WHAT TO WORK ON ▸
Below are records; the lines starting at the one with "52, 1040 Wien" and ending at the one with "1月6日,中国气象学会正式公" must be reproduced exactly, both included. Pictures must not appear.

(Dataset items)

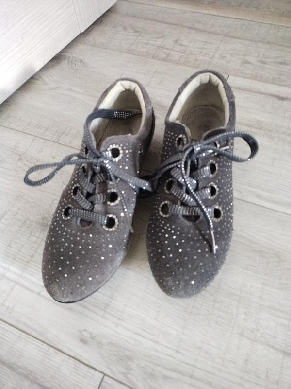Натуральный замш, украшенные стразами. Удобные. Быстро переросли. размер 33. Не узкие
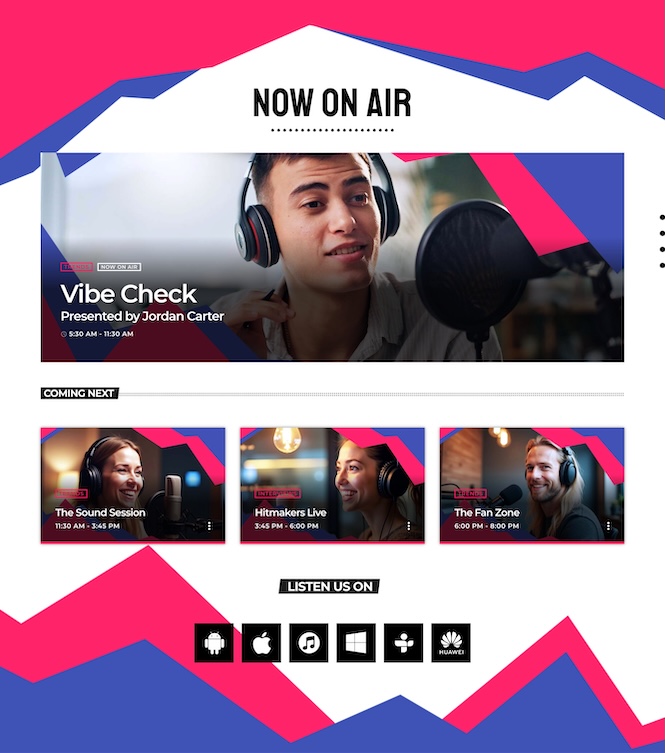 A bold card layout highlights the current show and track. It’s clean, modern, and built for fast engagement.
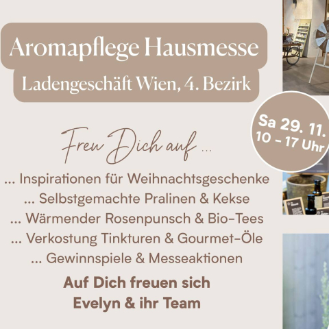 ••• Share on facebookShare on linkedinShare on twitter AROMAPFLEGE HAUSMESSE Events AROMAPFLEGE HAUSMESSE 29/11/2025 - 29/11/2025 10:00-17:00 Margaretenstraße 52, 1040 Wien
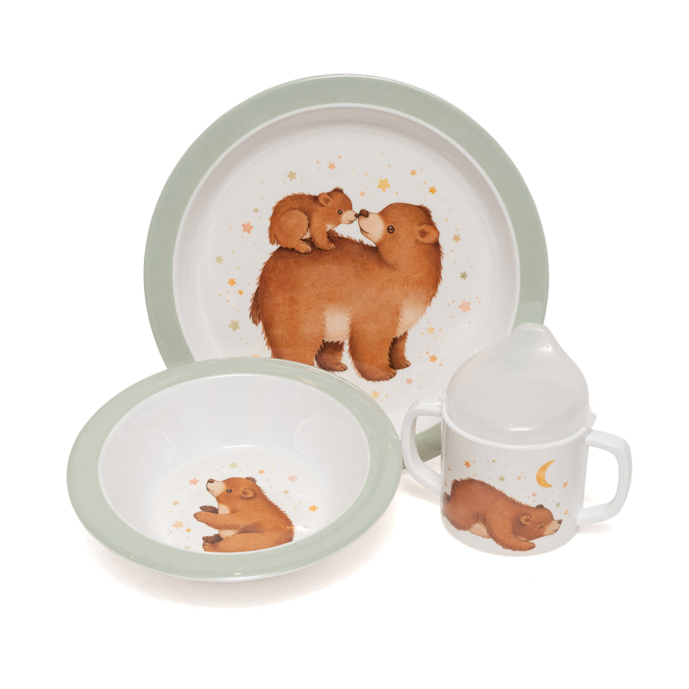 Petit Monkey melamine bakje Bear and Stars is uit te breiden met een bord of tuitbeker met oren uit dezelfde serie, of mix and match met de andere kleuren en printjes uit de webshop. Maak je kinderservies set helemaal compleet
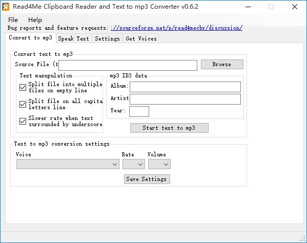 使用此软件工具,您可以在文件浏览器的帮助下选择源TXT,并调整一些可用参数。更精确地说,您可以添加ID3数据(专辑,艺术家,年份),从内置的下拉菜单中选择一种声音,以及调整速率和音量。
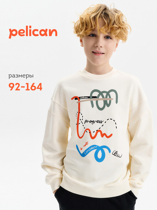 08.04 Pelican Толстовка для мальчиков BFN3388/1U Молочный
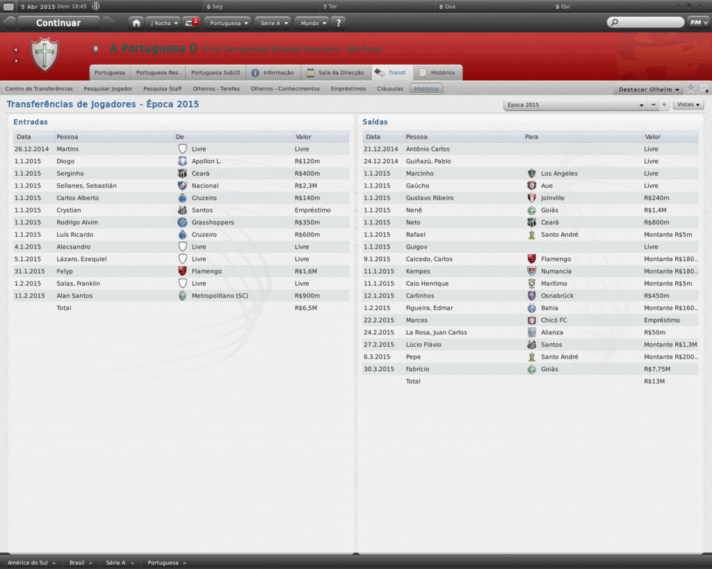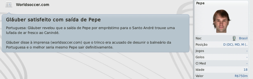 Jirimias Postado 4 de Março 2011 Autor Denunciar Postado 4 de Março 2011 Zé Roberto - ex-Lusa: preparador da equipe principal, esta é a função de Zé Roberto, que por enquanto está desempregado. Luxemburgo: Luxemburgo aposentou, como ele saiu da base de dados, não há como informar como foram seus últimos anos de carreira. Abel Braga: atualmente Abelão, de 62 anos, é treinador do Al-Jazeera desde 2008. Joel: aposentado Felipão: aposentado Nasri: avaliado em R$29M, Nasri está no Arsenal desde a temporada 2008/2009.Sua média atual, 6.96, é a 7º do elenco do Arsenal.Ele jogou em 18 jogos,fez 6 gols, 2 assistências e foi considerado duas vezes melhor em campo. Citar
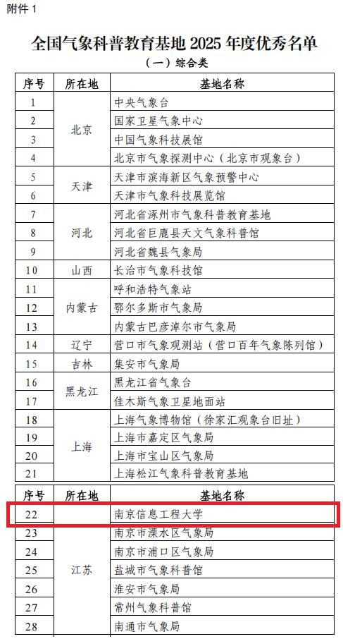 1月6日,中国气象学会正式公布2025年度全国气象科普教育基地工作总结情况。本次总结工作严格遵循《全国气象科普教育基地管理办法》要求,经各基地在线填报、各省气象学会审核、专家综合评审等多环节严谨遴选,全国共有134个科普基地获评优秀,其中江苏省7家单位榜上有名。我校全国气象科普教育基地凭借扎实的工作成效与创新的科普模式,成功跻身优秀行列。
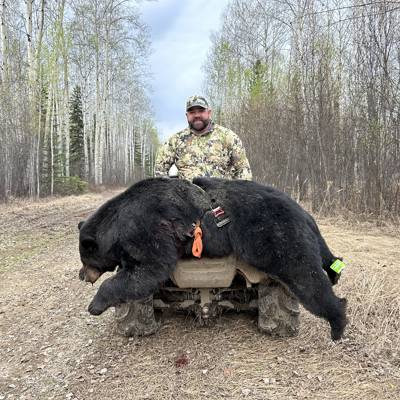This hunt takes place in northern Alberta north and south of high level. It’s 8 hunters in camp per week. It's 5 full hunting days. Are hunts are in the evening you can count on sitting 5-7hours a night unless you harvest your animal earlier. Three home cooked meals provide daily as well as snacks,baking and soft drinks. During our 2025 hunts we had a 100percent success rate on first bear and 75 percent on second bear. High success rate on p&y bears with b&c bears. Every one has wolf tags included with their license this is just a pure luck of the draw if one comes into a bait. All bait sites are accessed by atv boat or truck. The stands are metal ladder stands or ground blinds on hunters request. All tents are framed with wood floors and single beds, wood stoves, Full cell service well in camp and at most baits. We also have a travel agent that works with you to get you best rate and make travel as easy as possible. We look forward to answering any questions you have about hunt!
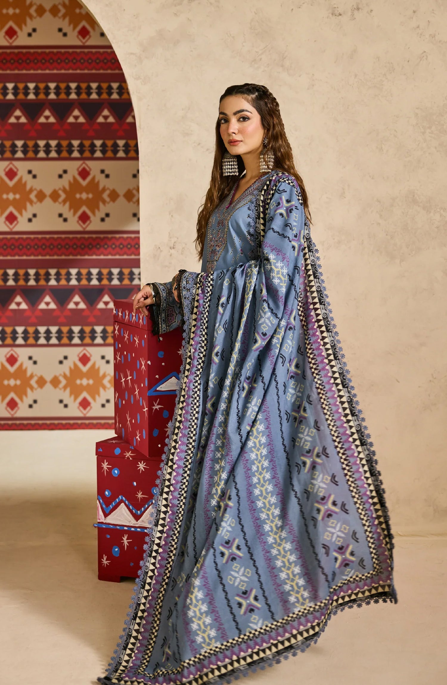 Zync by Florent Embroidered Khaddar Unstitched 3 Piece Suit - FL-6A - FL25ZKH - Blue - Winter Collection
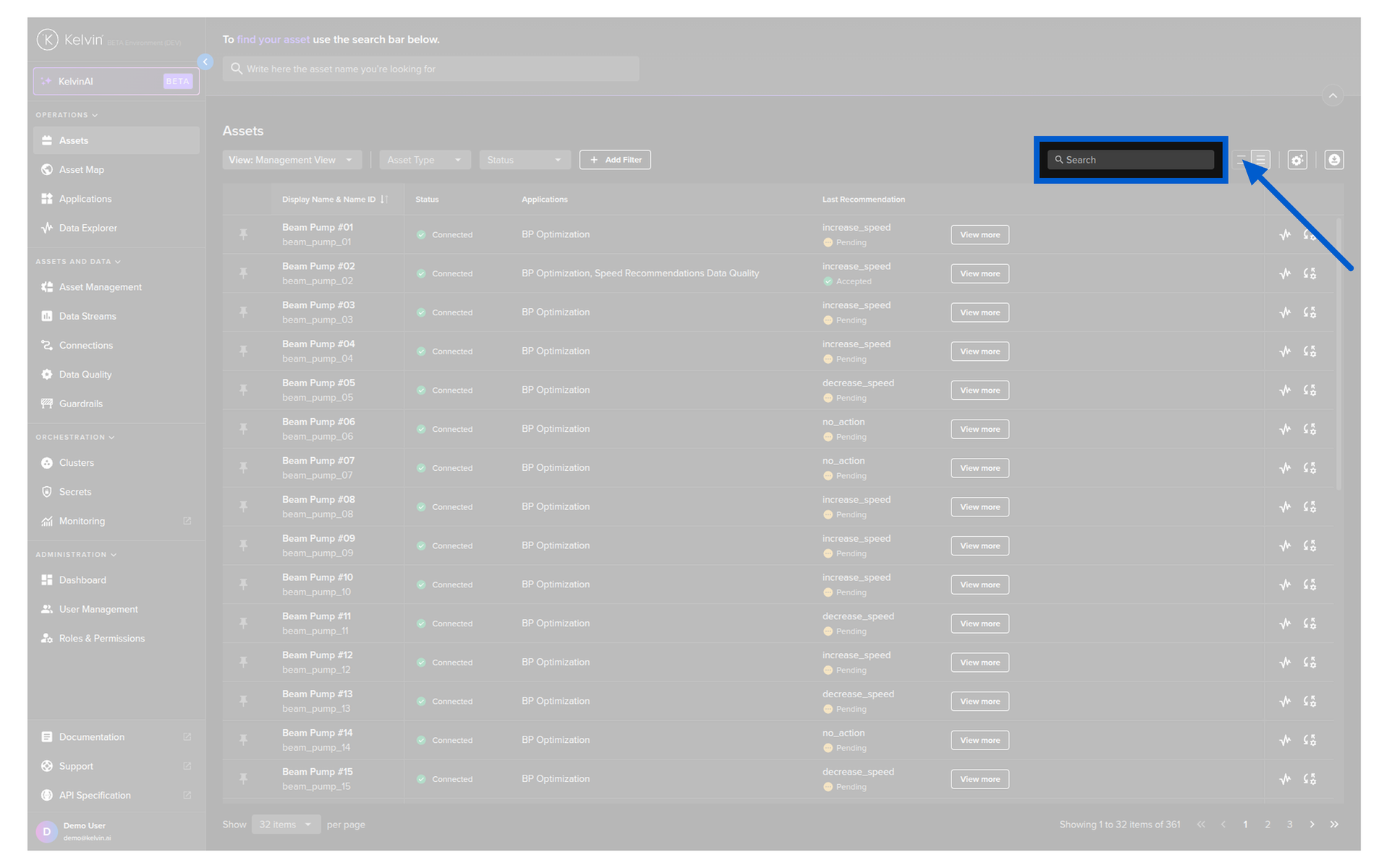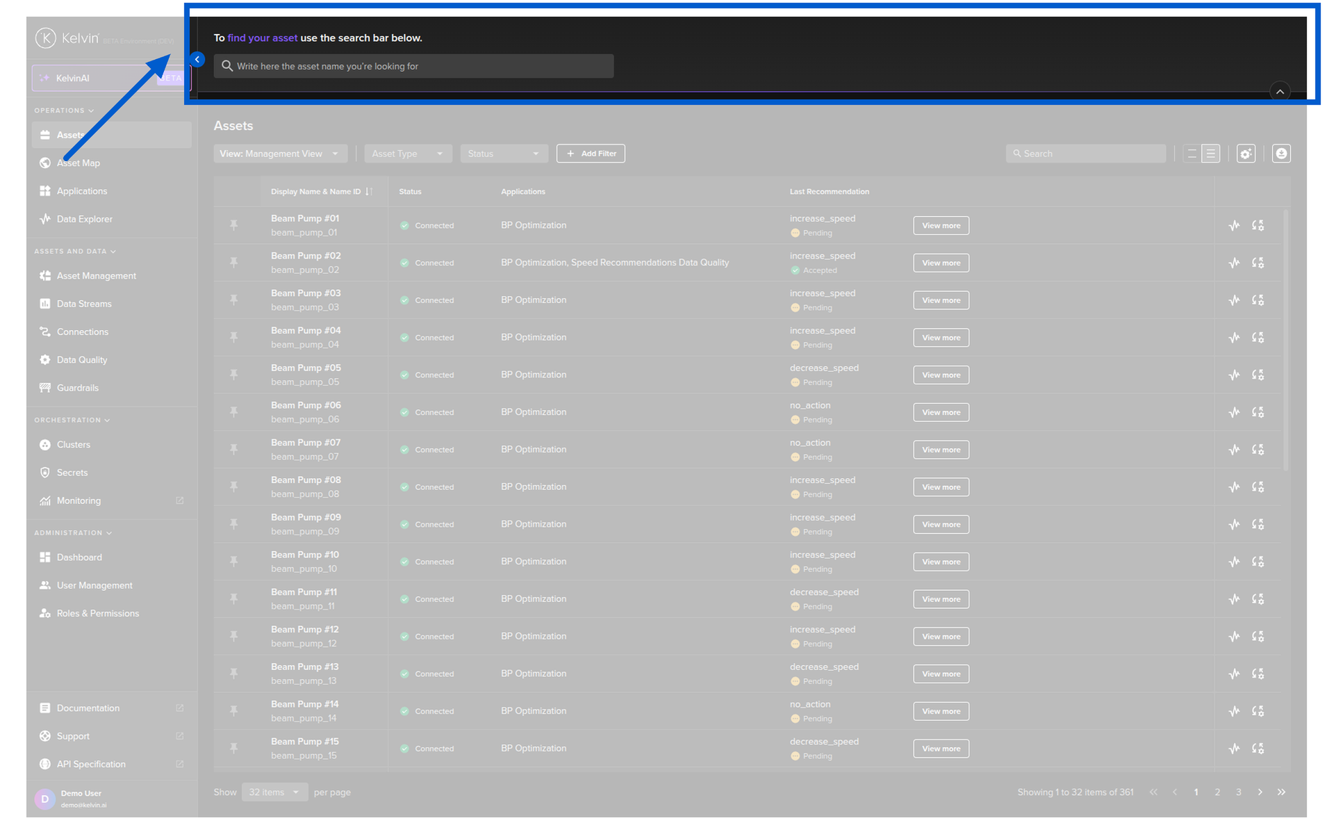 For example; if you have an Asset called Demo Asset and you type in this fuzzy search bar deo where you accidentally forgot the letter m, it will still show up in the list.
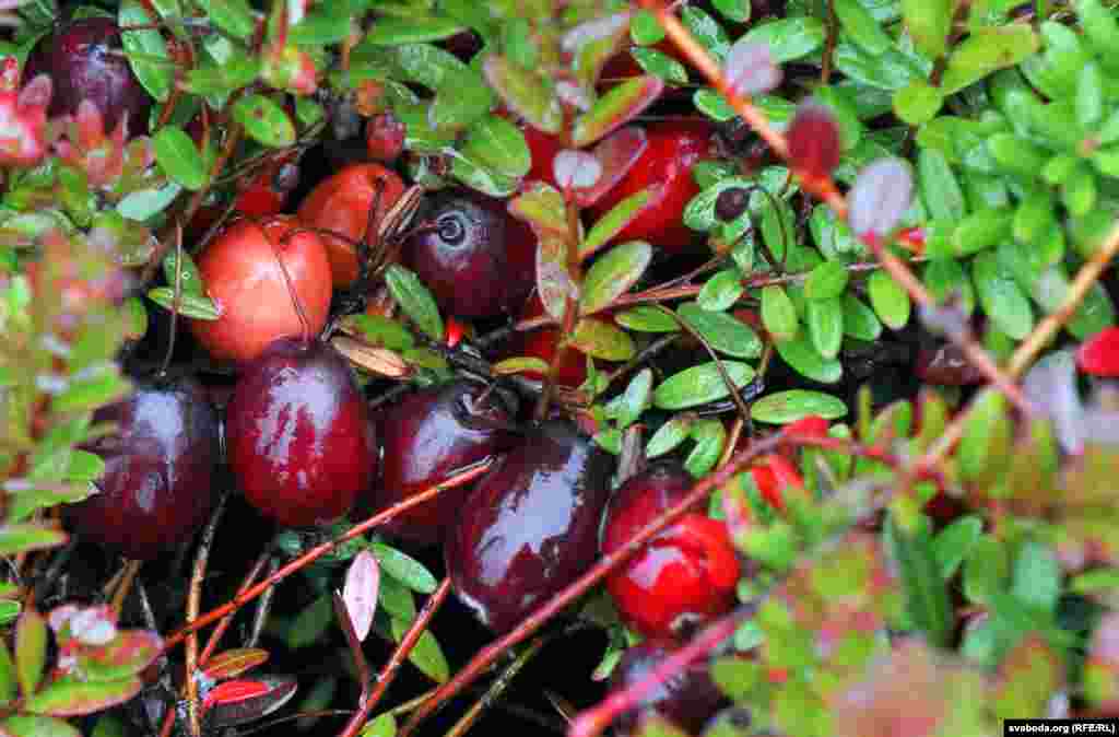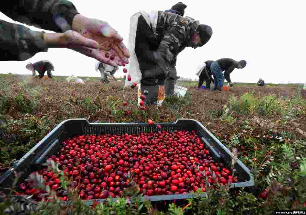 Уручную зьбіраюць на элітных чэках, дзе журавіны лепшай якасьці, каб іх не пашкодзіць. Дзеля гэтага з чэкаў зьліваюць ваду

OUTPUT FOR THIS EXERCISE ▸
 ••• Share on facebookShare on linkedinShare on twitter AROMAPFLEGE HAUSMESSE Events AROMAPFLEGE HAUSMESSE 29/11/2025 - 29/11/2025 10:00-17:00 Margaretenstraße 52, 1040 Wien
 Petit Monkey melamine bakje Bear and Stars is uit te breiden met een bord of tuitbeker met oren uit dezelfde serie, of mix and match met de andere kleuren en printjes uit de webshop. Maak je kinderservies set helemaal compleet
 使用此软件工具,您可以在文件浏览器的帮助下选择源TXT,并调整一些可用参数。更精确地说,您可以添加ID3数据(专辑,艺术家,年份),从内置的下拉菜单中选择一种声音,以及调整速率和音量。
 08.04 Pelican Толстовка для мальчиков BFN3388/1U Молочный
 Jirimias Postado 4 de Março 2011 Autor Denunciar Postado 4 de Março 2011 Zé Roberto - ex-Lusa: preparador da equipe principal, esta é a função de Zé Roberto, que por enquanto está desempregado. Luxemburgo: Luxemburgo aposentou, como ele saiu da base de dados, não há como informar como foram seus últimos anos de carreira. Abel Braga: atualmente Abelão, de 62 anos, é treinador do Al-Jazeera desde 2008. Joel: aposentado Felipão: aposentado Nasri: avaliado em R$29M, Nasri está no Arsenal desde a temporada 2008/2009.Sua média atual, 6.96, é a 7º do elenco do Arsenal.Ele jogou em 18 jogos,fez 6 gols, 2 assistências e foi considerado duas vezes melhor em campo. Citar
 1月6日,中国气象学会正式公布2025年度全国气象科普教育基地工作总结情况。本次总结工作严格遵循《全国气象科普教育基地管理办法》要求,经各基地在线填报、各省气象学会审核、专家综合评审等多环节严谨遴选,全国共有134个科普基地获评优秀,其中江苏省7家单位榜上有名。我校全国气象科普教育基地凭借扎实的工作成效与创新的科普模式,成功跻身优秀行列。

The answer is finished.